### Assignment
Beginning with the line below that contains "Subasta 1297T, Lote" and ending with the line that contains "衝撃吸収力に優れたネットは、", retype every line exactly. Pictures are not copied.

### Material for this exercise
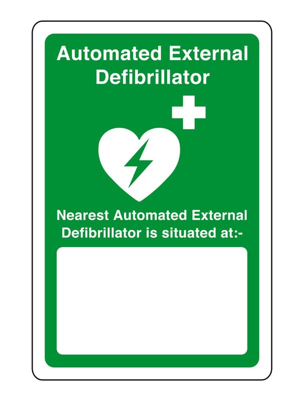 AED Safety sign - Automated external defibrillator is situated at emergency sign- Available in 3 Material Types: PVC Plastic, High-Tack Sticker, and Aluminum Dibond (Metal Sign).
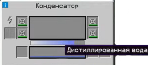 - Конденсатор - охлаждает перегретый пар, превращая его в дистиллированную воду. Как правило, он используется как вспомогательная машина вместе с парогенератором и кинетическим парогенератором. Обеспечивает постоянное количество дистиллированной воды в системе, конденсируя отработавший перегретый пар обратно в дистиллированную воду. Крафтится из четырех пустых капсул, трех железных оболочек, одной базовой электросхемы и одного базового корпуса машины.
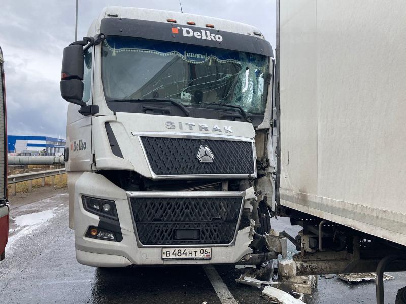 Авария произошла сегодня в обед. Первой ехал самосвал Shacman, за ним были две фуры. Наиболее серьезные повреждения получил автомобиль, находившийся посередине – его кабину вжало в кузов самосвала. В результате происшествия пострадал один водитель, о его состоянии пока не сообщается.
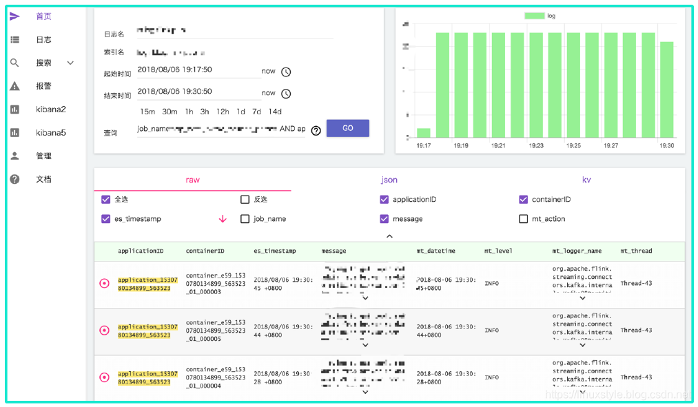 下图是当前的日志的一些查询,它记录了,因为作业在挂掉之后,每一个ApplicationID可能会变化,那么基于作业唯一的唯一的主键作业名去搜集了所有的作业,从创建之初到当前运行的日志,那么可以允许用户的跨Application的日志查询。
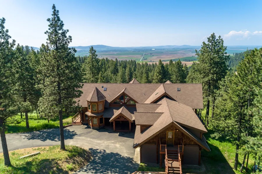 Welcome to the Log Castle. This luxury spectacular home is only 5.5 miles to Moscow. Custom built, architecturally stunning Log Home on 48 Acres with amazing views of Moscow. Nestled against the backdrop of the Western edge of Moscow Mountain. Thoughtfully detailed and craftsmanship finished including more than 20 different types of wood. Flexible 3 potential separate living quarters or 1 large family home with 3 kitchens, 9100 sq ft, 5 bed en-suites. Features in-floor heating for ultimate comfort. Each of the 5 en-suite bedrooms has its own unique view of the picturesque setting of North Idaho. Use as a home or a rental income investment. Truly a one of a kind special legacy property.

--

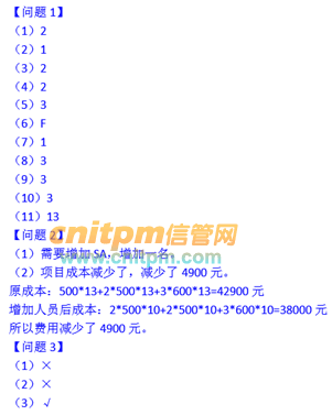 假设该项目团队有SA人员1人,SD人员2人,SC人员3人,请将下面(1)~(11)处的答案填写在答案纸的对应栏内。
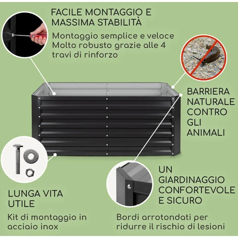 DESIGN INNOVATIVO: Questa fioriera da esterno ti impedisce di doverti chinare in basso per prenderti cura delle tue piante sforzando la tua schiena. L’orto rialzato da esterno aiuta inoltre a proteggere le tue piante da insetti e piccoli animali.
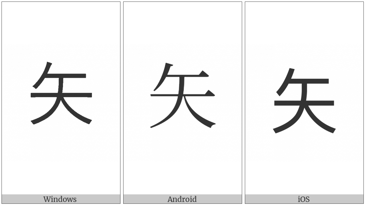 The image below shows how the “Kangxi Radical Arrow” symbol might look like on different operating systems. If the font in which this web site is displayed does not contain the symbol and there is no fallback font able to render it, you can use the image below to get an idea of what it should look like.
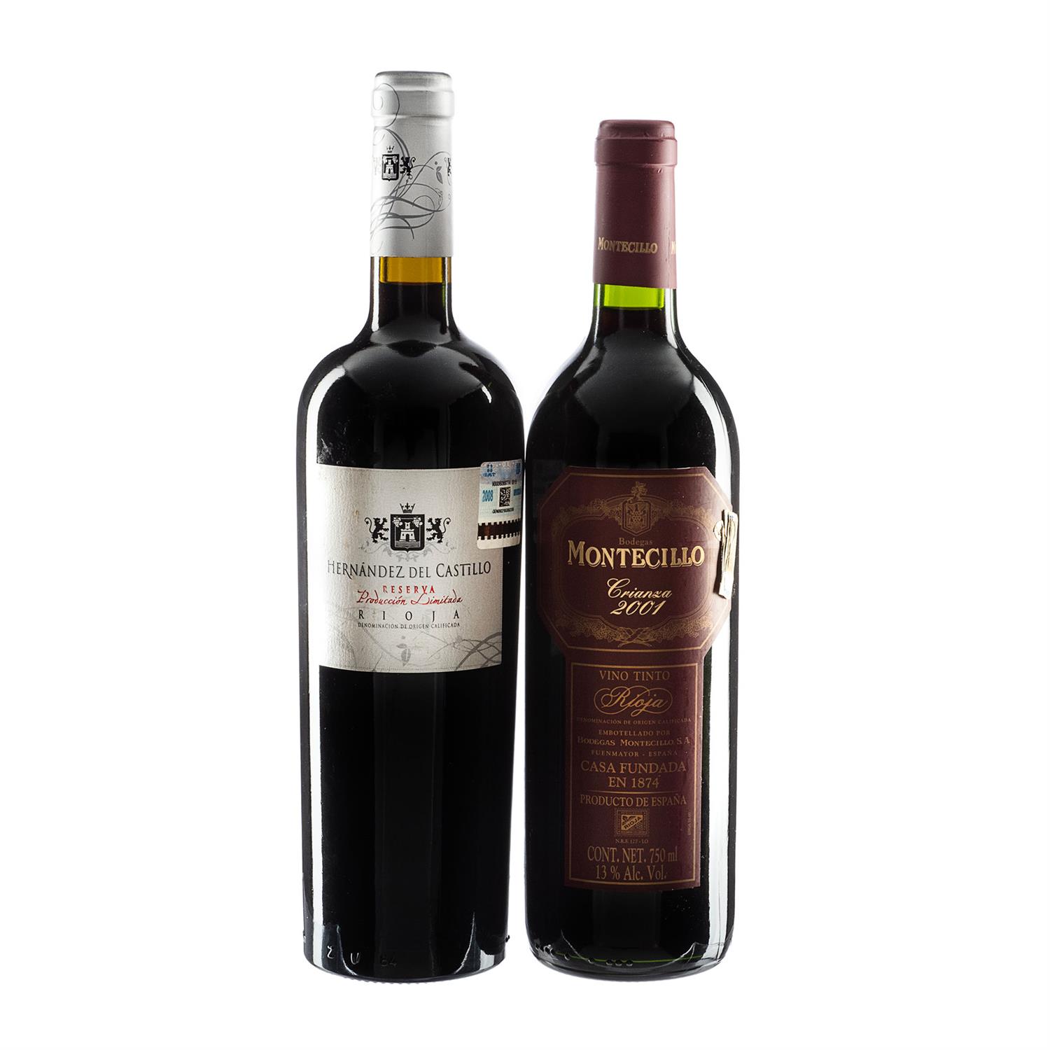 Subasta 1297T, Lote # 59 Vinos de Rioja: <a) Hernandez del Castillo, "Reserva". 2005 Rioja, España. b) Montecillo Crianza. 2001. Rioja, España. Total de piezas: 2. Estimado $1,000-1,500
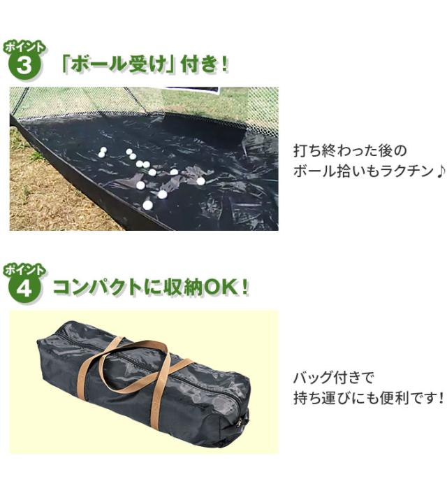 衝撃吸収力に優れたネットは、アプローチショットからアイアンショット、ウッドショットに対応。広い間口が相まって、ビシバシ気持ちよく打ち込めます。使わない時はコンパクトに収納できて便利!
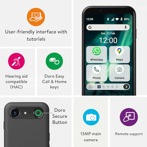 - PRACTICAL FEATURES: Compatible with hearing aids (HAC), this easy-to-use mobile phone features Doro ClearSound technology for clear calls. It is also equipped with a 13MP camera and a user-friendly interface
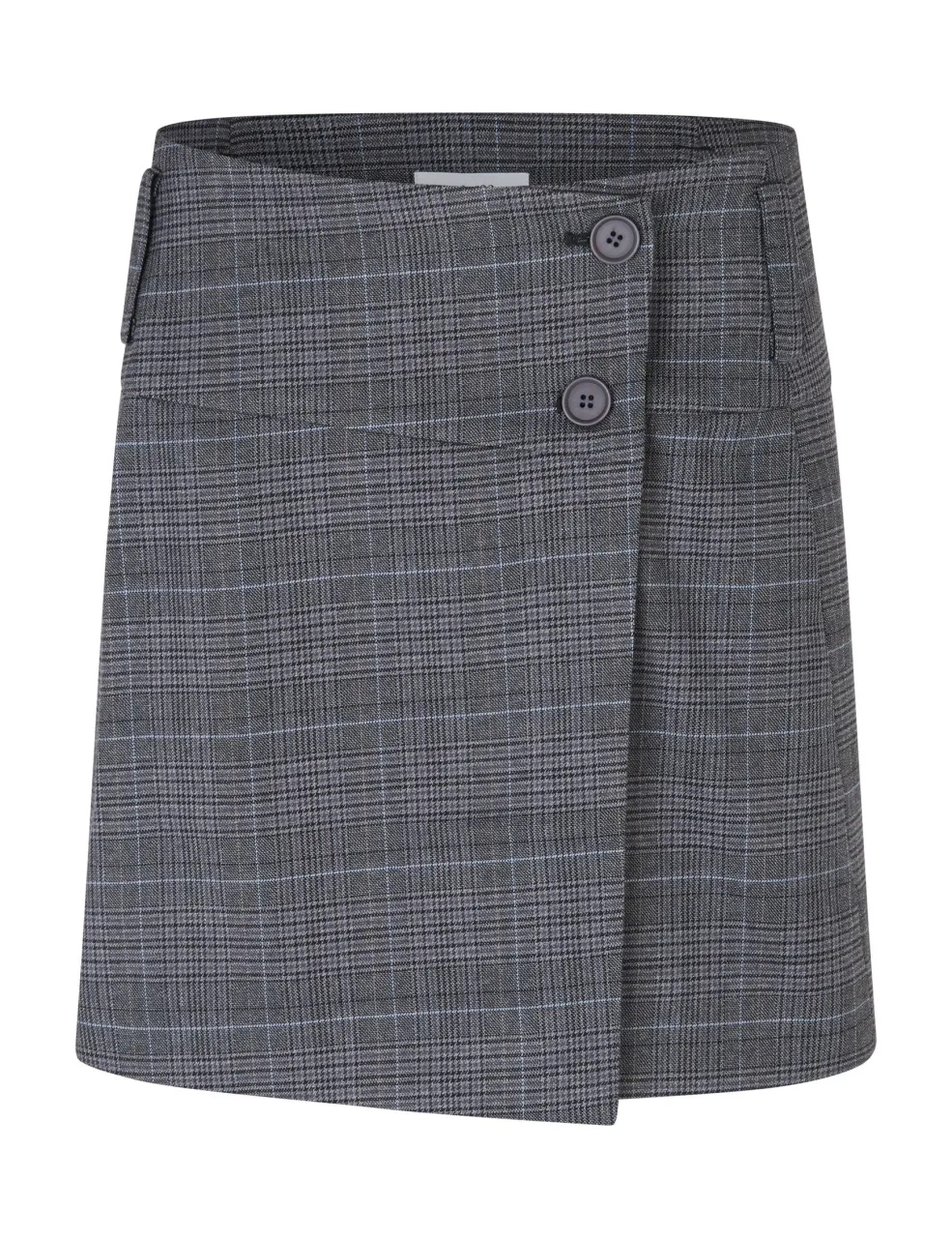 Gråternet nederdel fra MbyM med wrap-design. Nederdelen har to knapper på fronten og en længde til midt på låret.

### Result of this exercise
 Subasta 1297T, Lote # 59 Vinos de Rioja: <a) Hernandez del Castillo, "Reserva". 2005 Rioja, España. b) Montecillo Crianza. 2001. Rioja, España. Total de piezas: 2. Estimado $1,000-1,500
 衝撃吸収力に優れたネットは、アプローチショットからアイアンショット、ウッドショットに対応。広い間口が相まって、ビシバシ気持ちよく打ち込めます。使わない時はコンパクトに収納できて便利!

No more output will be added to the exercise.